The owner of the edition is “moved” to see young people creating representative books

Winsome Duncan launched the “Look Like Me Book Challenge CIC” in 2019 to help teach young people literacy and social skills.

October 27, 2022

The publishing house owner says seeing budding young authors working on books with characters that look like them has made her “really emotional” because the literature will serve as a legacy that will represent their “amazing” ideas. “.

Winsome Duncan, who is based in Bermondsey and is the owner of publishing house Peaches Publications Ltd, launched the ‘Look Like Me Book Challenge CIC’ in October 2019 – a charity that supports young people aged between seven and 18 across the UK with their literacy, creative writing, storytelling, peer mentoring and social skills, as well as teaching about the role diversity plays in the publishing industry.

Sadiq Khan, Winsome Duncan and Andre Fyffe at the Mayor’s Black History Month Opening Reception at City Hall (Winsome Duncan)

After reading the Reflecting Realities report in 2019, which she said mentioned that less than 10% of children’s books in the UK had black, Asian or minority ethnic characters, she said she felt compelled to try to change the narrative of the British publishing industry by having black and brown characters in her books.

“I am deeply saddened that inanimate objects are more likely to present than a black and brown face, animals are more likely to present than a black or brown face,” the 45-year-old told the agency. press release, during Black History. Month.

“When I read this it provided the impetus to launch the ‘Look Like Me Book Challenge CIC’ and our mission is truly to provide safe spaces for creative expression, telling the experiences of those in groups under -represented and marginalized, especially young people, with a broader intention to leave a mark of legacies in British literature.

The first intergenerational book made as part of the challenge during the first lockdown was The Popcorn House – Teamwork Makes The Dream Work, which is about “two superhero cousins ​​Zion and Neveah who through teamwork discover the magical land of Kalaria while staying with their beloved grandparents to lodge”.

Book cover
Book cover of ‘The Popcorn House – Teamwork Makes the Dream Work’ (Look Like Me Book Challenge CIC)

It received contributions from 30 authors online, who were “these budding young authors were full of amazing character ideas and storytelling concepts,” Ms Duncan said.

“We had so much fun – we went for a photoshoot in Canary Wharf. From this cohort, four of these young people over the past three years have been our Youth Ambassadors and some of them are even business owners .

She added that the “next phase is now working on securing investment in our pilot 3D animation trailer in a series for ‘The Popcorn House'”.

A group of young authors are also publishing an Afro-Caribbean-inspired manga-style comic called Ashe The Justice Warrior, which focuses on racism in football and how young people can better manage their health. mental state and their well-being.

Ashe The Justice Warrior (Look Like Me Book Challenge CIC)

“We worked with young people aged 13 to 18 and we had a group of 32 young people online and two of them were footballers playing in the amateur league – one was a boy and the other was a girl” , Ms.

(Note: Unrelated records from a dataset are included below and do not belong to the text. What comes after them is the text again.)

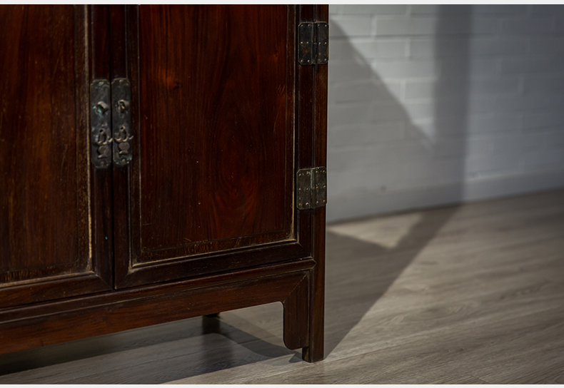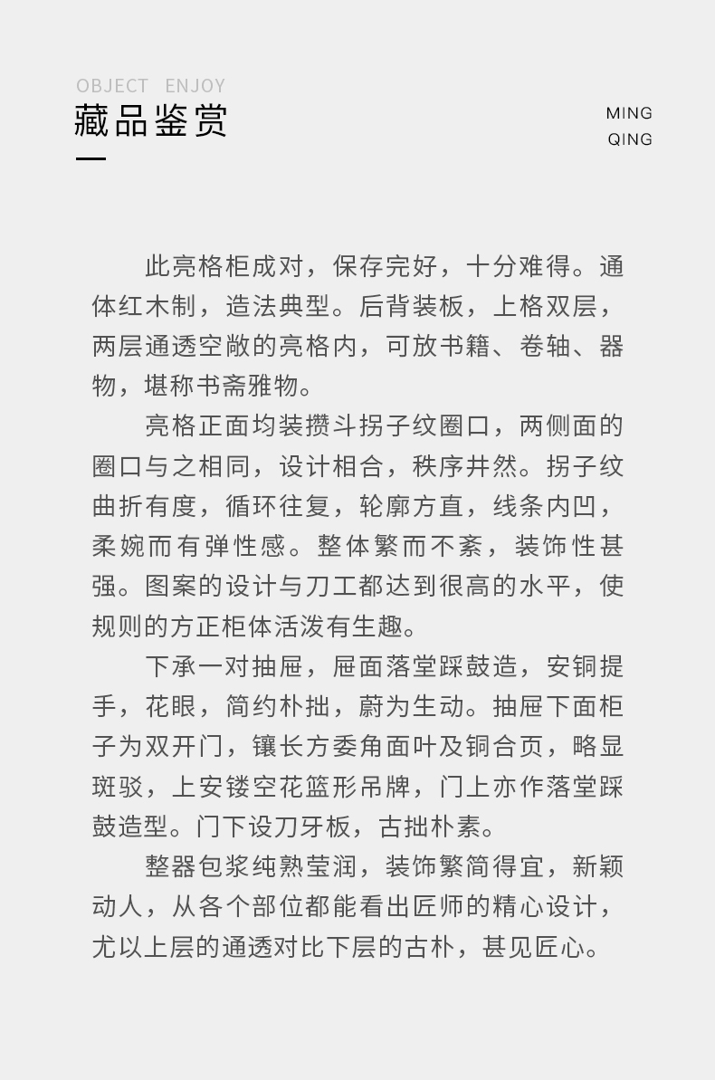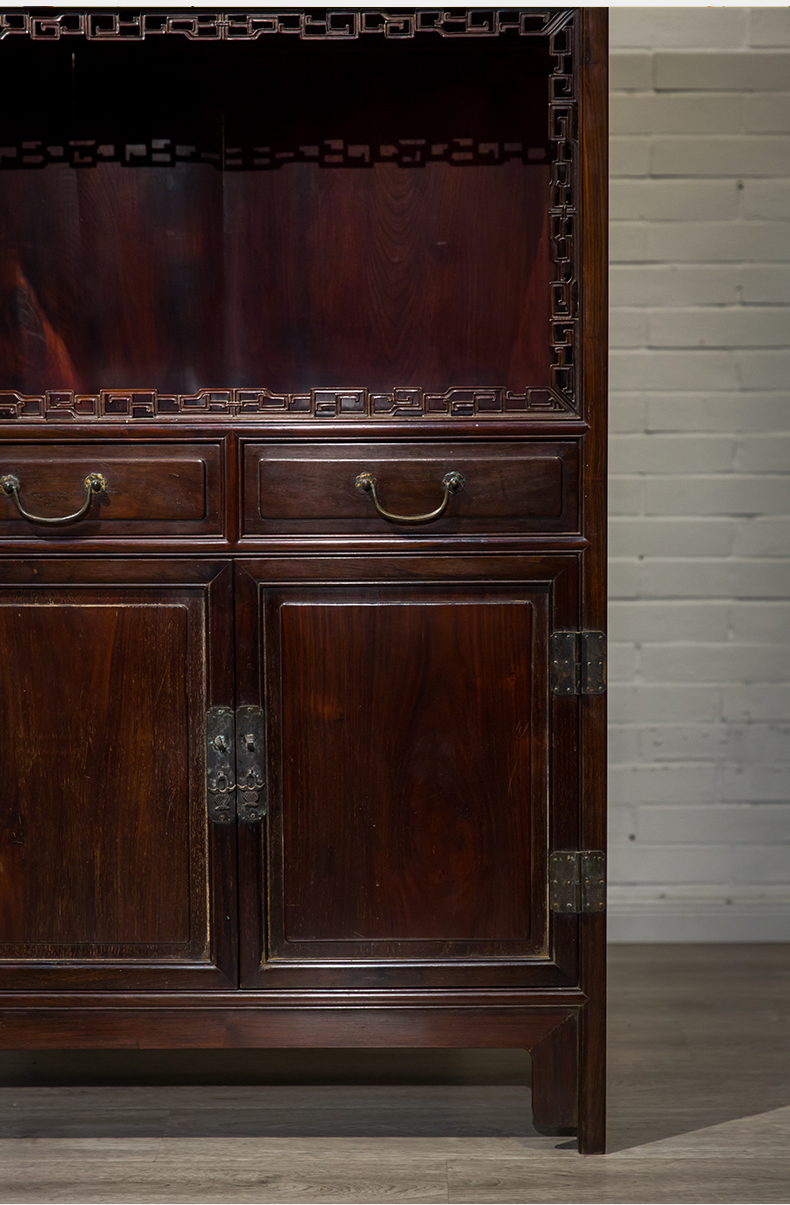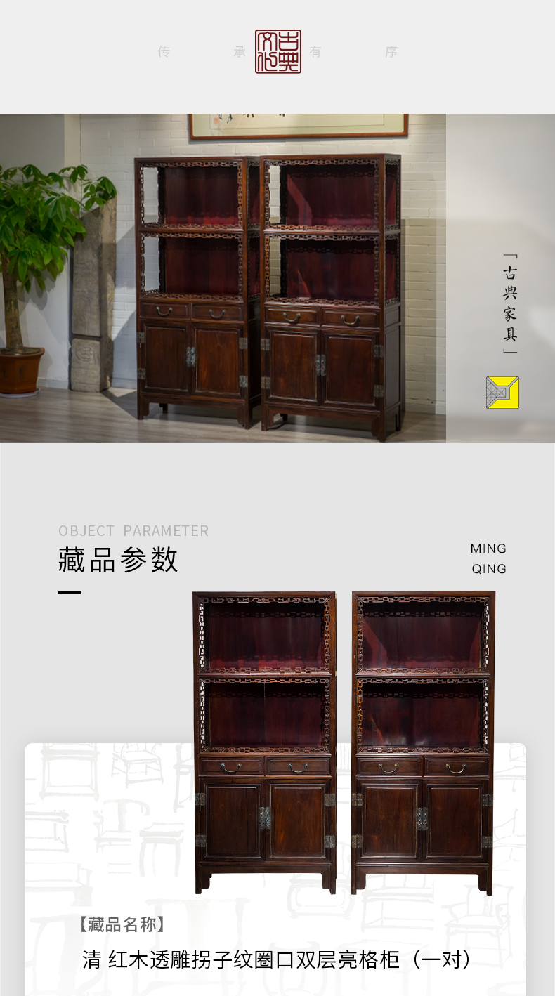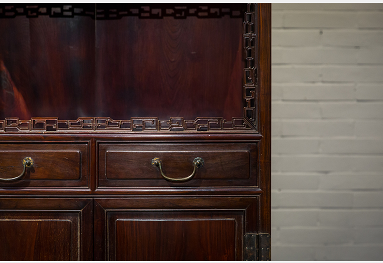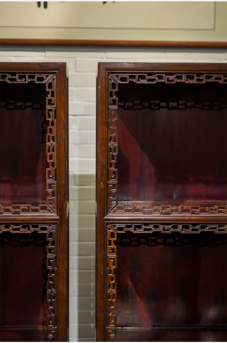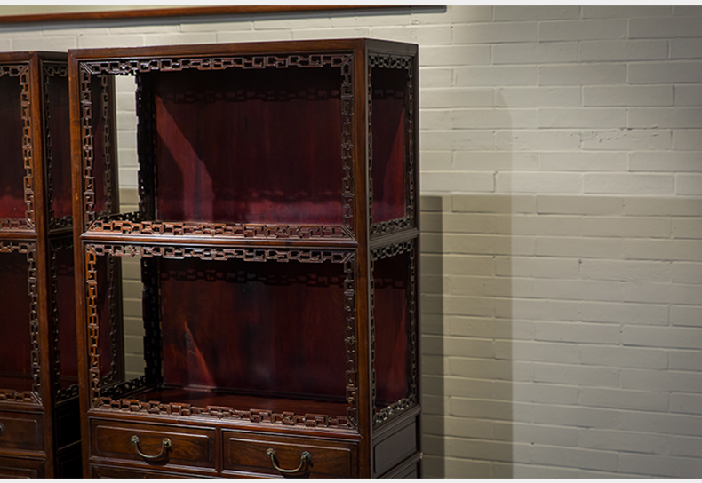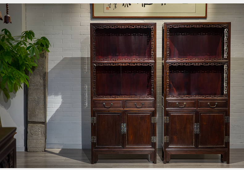 清 红木透雕拐子纹圈口双层亮格柜(一对)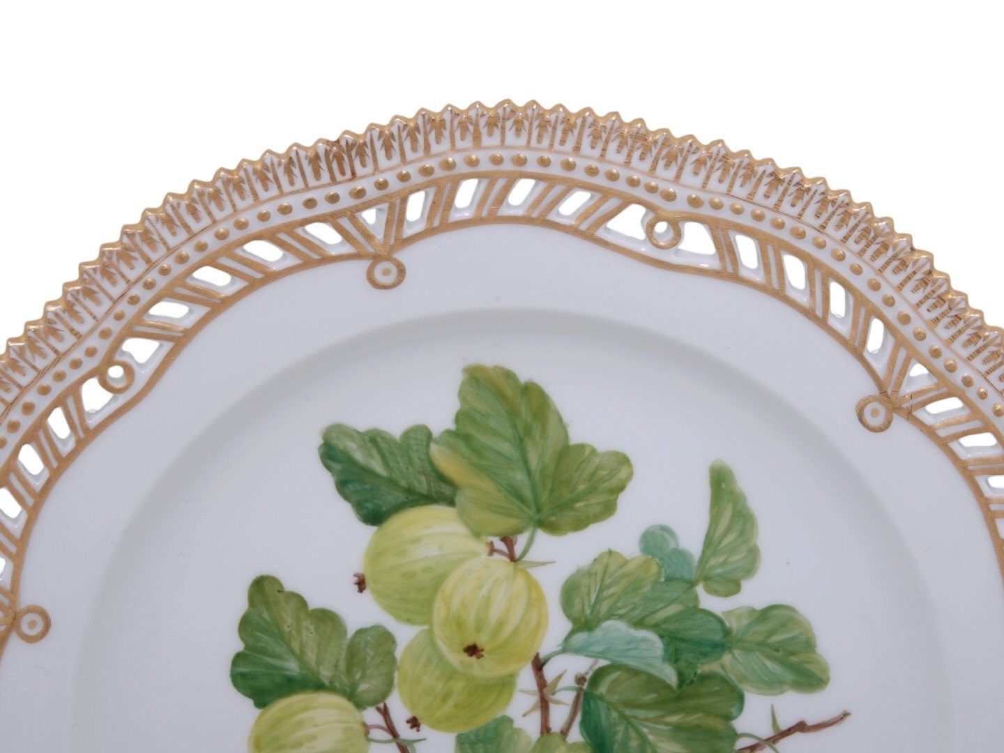 Royal Copenhagen Flora Danica, frugttallerken dekoreret med stikkelsbær og med gennembrudt kant.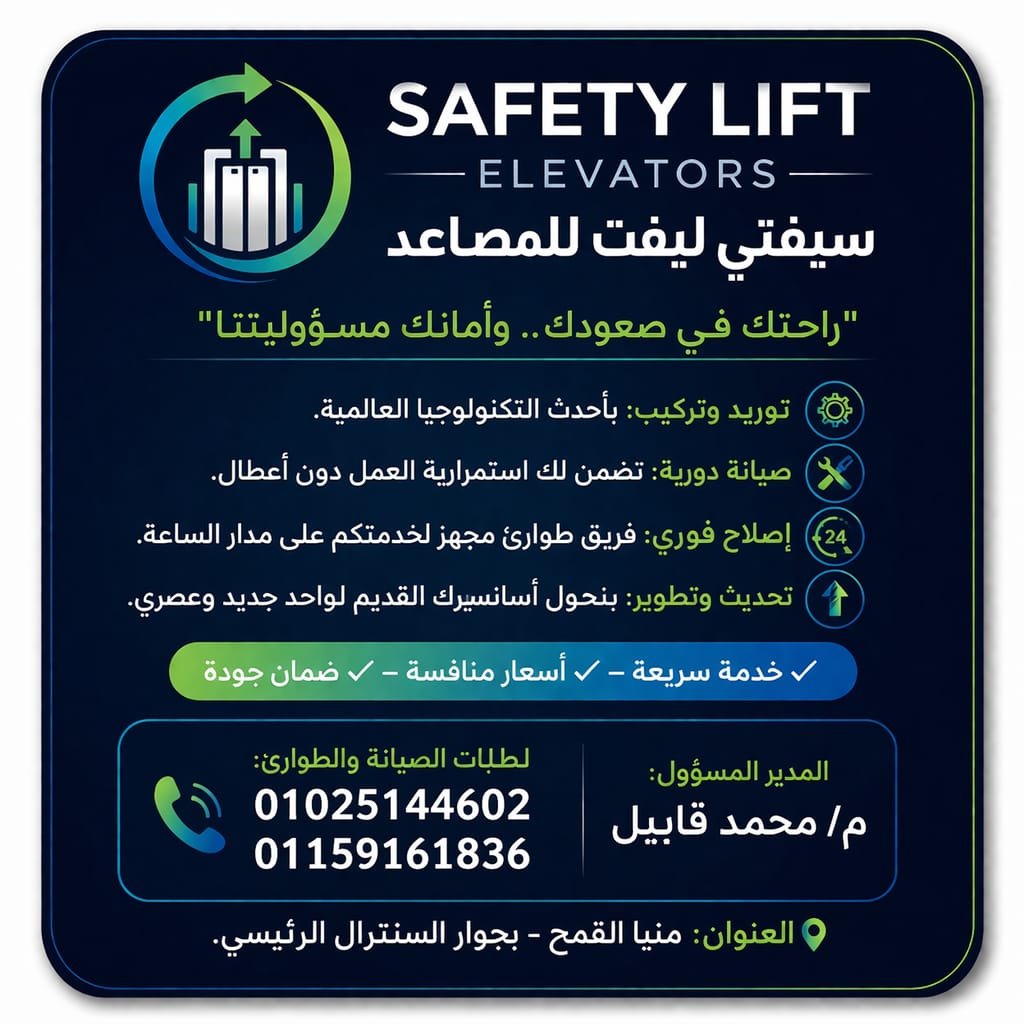 إن اختيار المصعد الصحيح هو استثمار ذكي في العمر الافتراضي للمبنى وفي سلامة قاطنيه، ومع “سيفتي لفت”، يبدو أن المستقبل الصاعد أصبح أكثر أماناً، سلاسة، وذكاءً.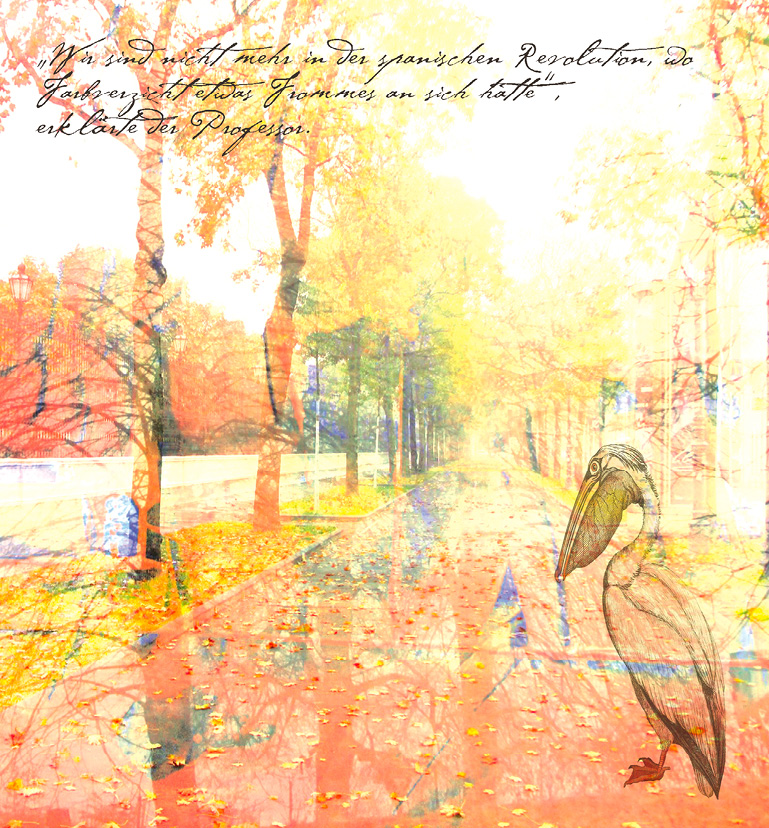 „Wir sind nicht mehr in der spanischen Inquisition, wo Farbverzicht etwas Frommes an sich hatte“, erklärte der Professor weiter und zwinkerte mit den Augen:, „schalten Sie Ihr Gehirn aus und vertrauen Sie Ihrem Gefühl, dann kommt alles in Ordnung. Und legen Sie das Titanweiß aus der Hand. Jede Farbe wird damit milchig und unbrauchbar, heben Sie sich das auf – für ein paar Lichtreflexe am Schluss. Für das Mischen nehmen Sie am besten Zinkweiß, das ist verträglicher!“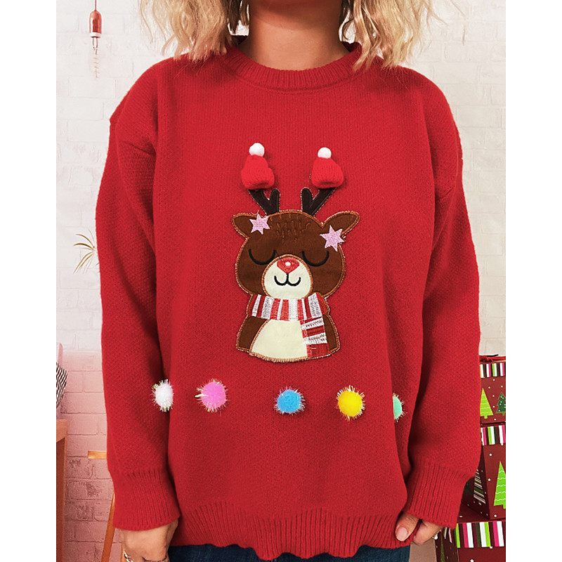 Women's Sweater Pullover Pom Poms Ugly Christmas Gifts Fashion Reindeer Ribbed Crew Neck Knitted Long Sleeve Regular Tops Knit Christmas Outdoor Holiday Black White Fall Winter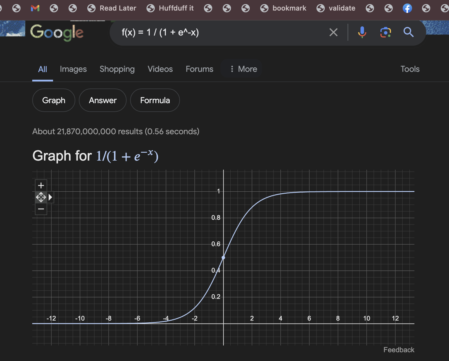 When we plug a negative number into this formula, we get a number very close to 0. When we plug in a positive number, we get a number very close to 1. And when we plug in zero, we get 0.5. So you can see how the sigmoid function maps any input number to a value between 0 and 1.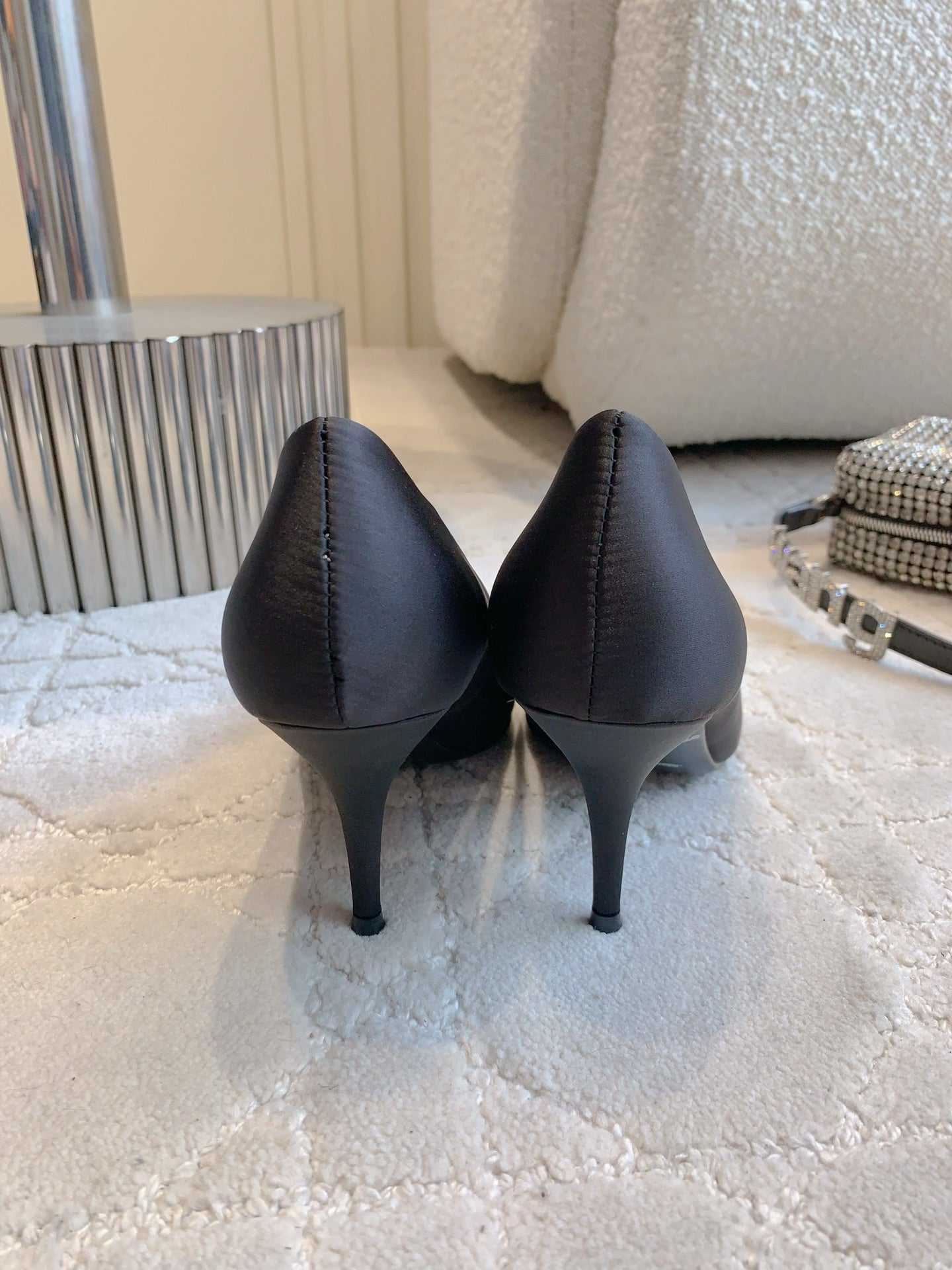 BALENCIAGA 25S POINTED-TOE HIGH HEELS 70 MM IN BLACK SATIN WITH GOLD HARDWARE

Duncan said.

“These characters are at the heart of the comic – which has an Afro-Caribbean influence – and what’s interesting about the comic is that once they read it, they will have the opportunity to create and design their own comic afterwards.

“What we want to do is nurture talent, we want people to generate their own ideas and be seen in pop culture and we couldn’t have done this type of work without the support of the National Lottery Awards for All and UnLtd.”

Ms Duncan said guiding young people through the publishing process has been “really inspiring and motivating for creating legacy authors” and produced many tears of happiness.

“I cried so many times because my story matters, their story matters, our stories matter,” she said.

“I’m a melanin woman and I feel like the world needs to hear all of their creative ideas from children of color and it’s imperative for me to fulfill my destiny to be a creative force for good and to help young BAME authors to become visible in the traditional media.

“It will allow them to reach their potential, so they can continue to write more number 1 bestselling books and create images that portray them in a positive light as part of the characters they create.”

She added that working on books has also helped “boost their confidence, increase their self-esteem, improve their public presentation skills, and provide them with acting and media opportunities” and made them feel to “be part of a team”.

“And that’s why it’s so important to me to get these authors to leave their legacy in the books and tell their stories.”